Identification of Disulfide Proteins in the Salt Soluble Fraction of Rice (Oryza sativa) Seed.

Hiroyuki Yano (1,2) and Shigeru Kuroda (1). (1) Department of Rice Research, National Agricultural Research Center, Inada 1-2-1 Joetsu, Niigata, Japan 943-0193. (2) Corresponding author. E-mail: <hyano@affrc.go.jp> Phone and Fax: +81-255263245. Cereal Chem. 80(2):172-174. Accepted November 18, 2002. Copyright 2003 American Association of Cereal Chemists, Inc.

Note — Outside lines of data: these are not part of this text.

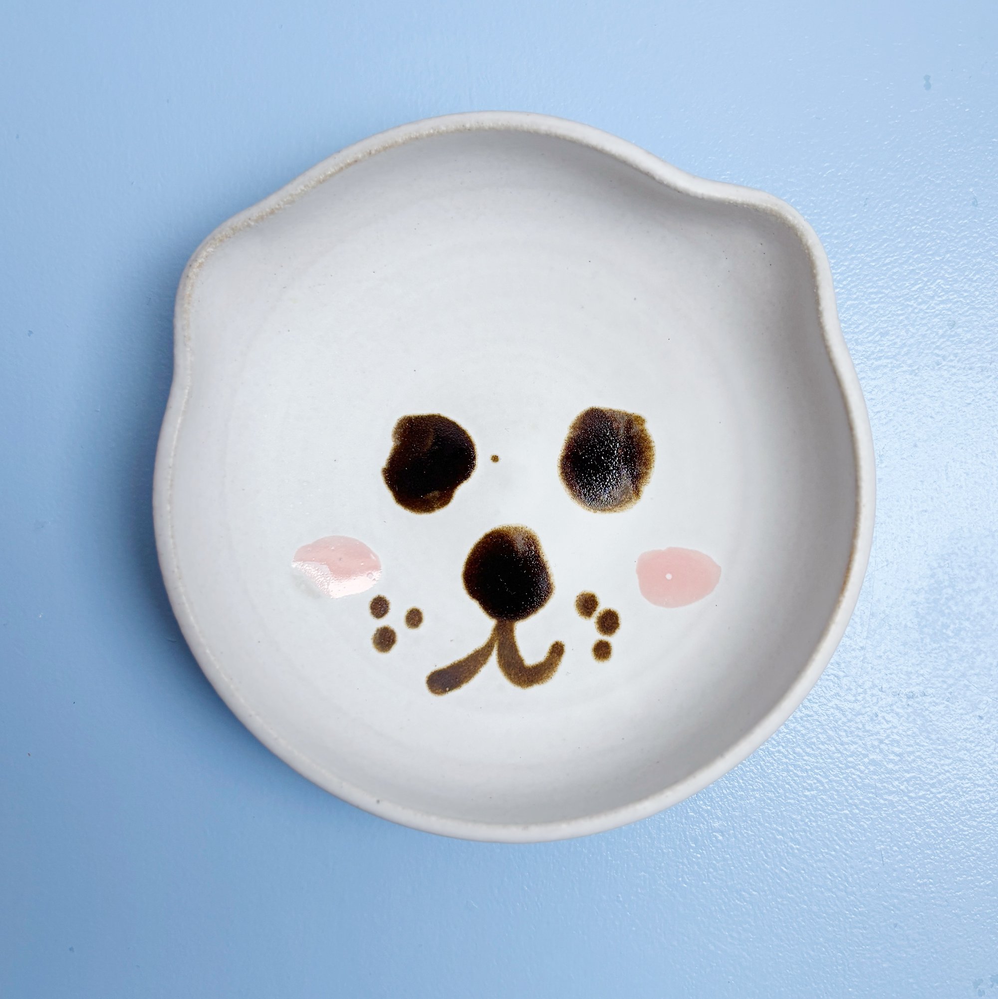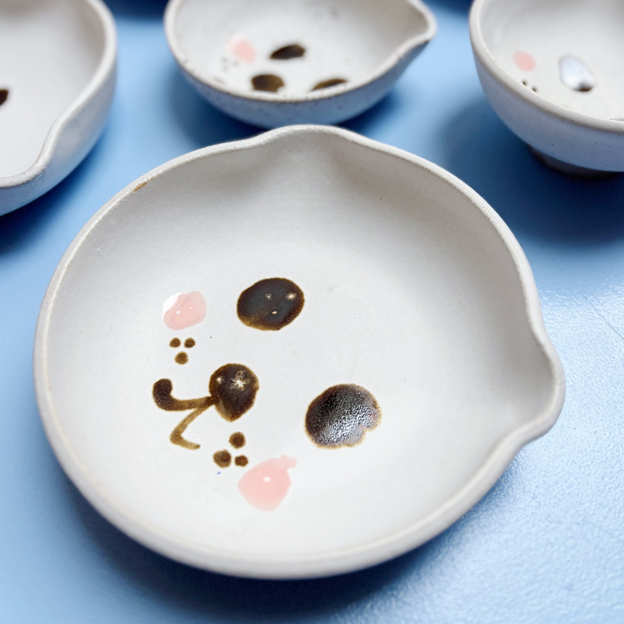 Drejet stentøjs skål i en smuk hvid mat glasur og håndmalet dekoration.
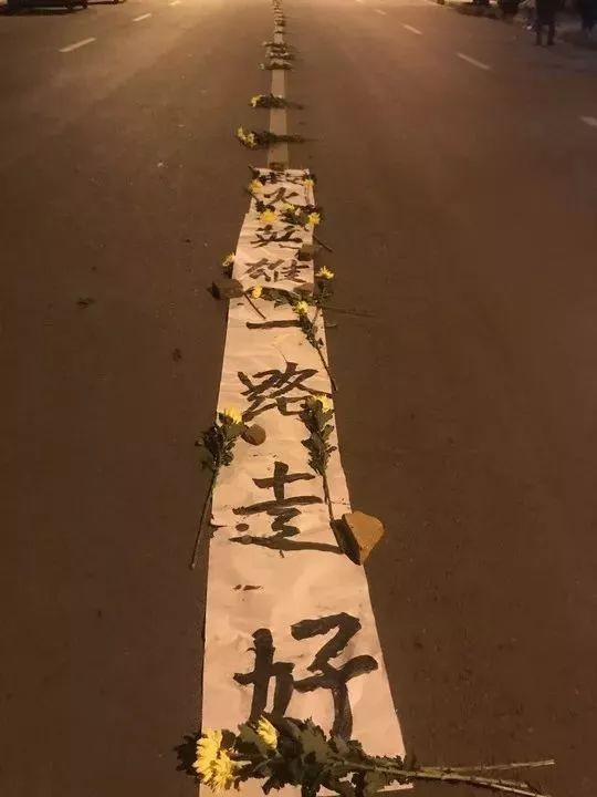 路面上摆放着菊花,写着挽言:救火英雄一路走好。
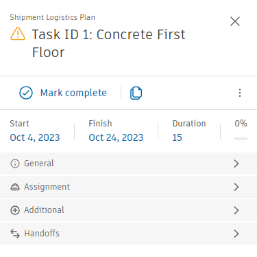 - Duration - View and edit the task duration.
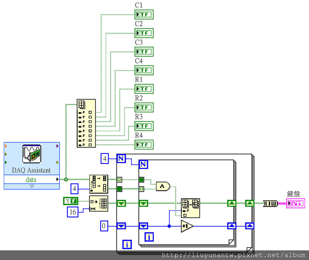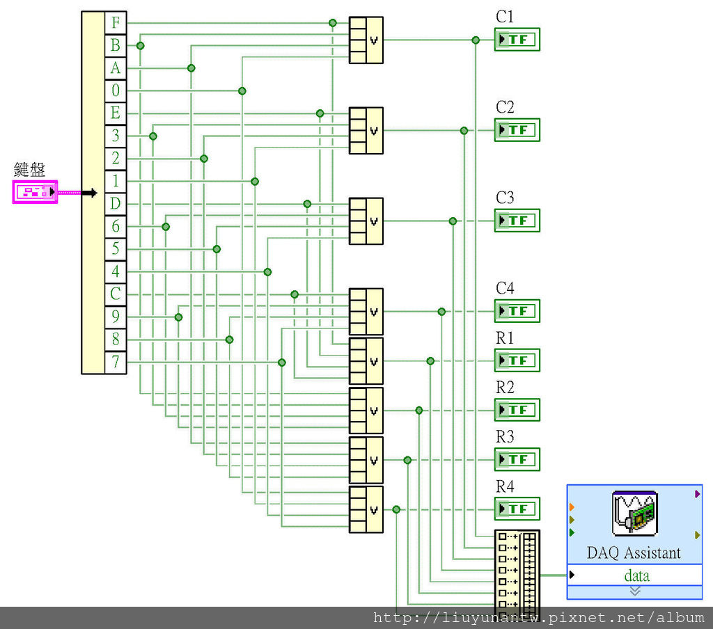程式同樣使用USB 6501的P0通道來接收矩陣鍵盤的8個接點訊號,再把8個接點分成兩半,用雙迴圈交叉比對還原成對應的按鍵
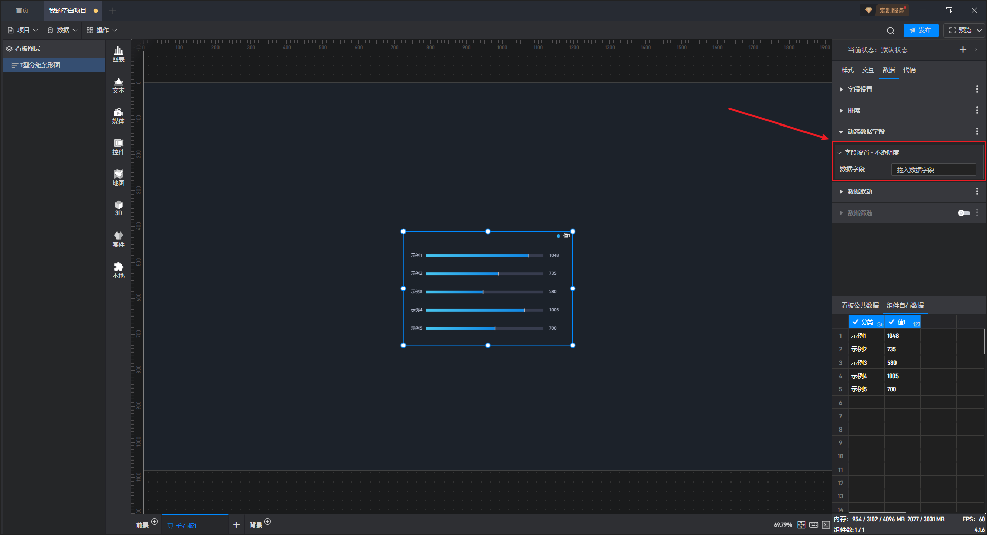 单击选中组件,在右侧“数据”设置窗口中,可以看到组件已经设置好了数据字段,且数据字段来自于“组件自有数据”。

Evidence has been accumulating to suggest that disulfide bonding is one of the key causes of allergenicity. Recently we developed the “disulfide proteome”, a technique for the comprehensive analysis of disulfide bonding of proteins. We applied this new technique to the rice seed’s salt-soluble fraction, which has long been known to be allergenic. Most proteins in the fraction, including alpha-amylase/trypsin inhibitor, alpha-globulin, and glutelin fragments, have formed intramolecular disulfide bonds. Also, unknown proteins, including one sharing similarities with known allergens, had disulfide bonds, from which we can infer possible allergenicity. This is a preliminary study to screen allergens from the basis of disulfide bonding.